Thursday, October 22, 2009

Parsing files using Groovy regex

In my previous post I mentioned several ways of defining regular expressions in Groovy. Here I want to show how we can use Groovy regex to find/replace data in the files.

Parsing properties file (simplified)1

Data: each line in the file has the same structure; the entire line can be matched by single regex. Problem: transform each line to the object. Solution: construct regex with capturing parentheses, apply it to each line, extract captured data. Demonstrates: File.eachLine method, matrix syntax of Matcher object.

def properties = [:]
new File('path/to/some.properties').eachLine { line ->
if ((matcher = line =~ /^([^#=].*?)=(.+)$/)) {
properties[matcher[0][1]] = matcher[0][2]
}
}
println properties

Parsing csv files (simplified)2

Data: each line in the file has the same structure; the line consists of the blocks separated by some character sequence. Problem: transform each line to the list of objects. Solution: construct regex with capturing parentheses, parse each line with the regex in a loop extracting captured data. Demonstrates: ~// Pattern defenition, Matcher.group method, \G regex meta-sequence.

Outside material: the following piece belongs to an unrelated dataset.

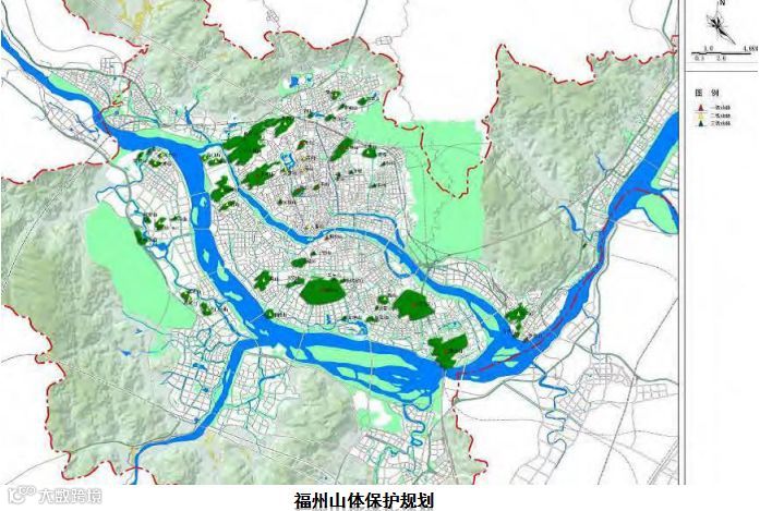 参照《福州市山体保护规划》对各山体划定的空间保护范围。

def regex = ~/\G(?:^|,)(?:"([^"]*+)"|([^",]*+))/
new File('path/to/file.csv').eachLine { line ->
def fields = []
def matcher = regex.matcher(line)
while (matcher.find()) {
fields << (matcher.group(1) ?: matcher.group(2))
}
println fields
}

Finding snapshot dependencies in the pom (simplified)3

Data: file contains blocks with known boundaries (possibly crossing multiple lines). Problem: extract the blocks satisfying some criteria. Solution: read the entire file into the string, construct regex with capturing parentheses, apply the regex to the string in a loop. Demonstrates: File.text property, list syntaxt of Matcher object, named capture, global \x regex modifier, local \s regex modifier.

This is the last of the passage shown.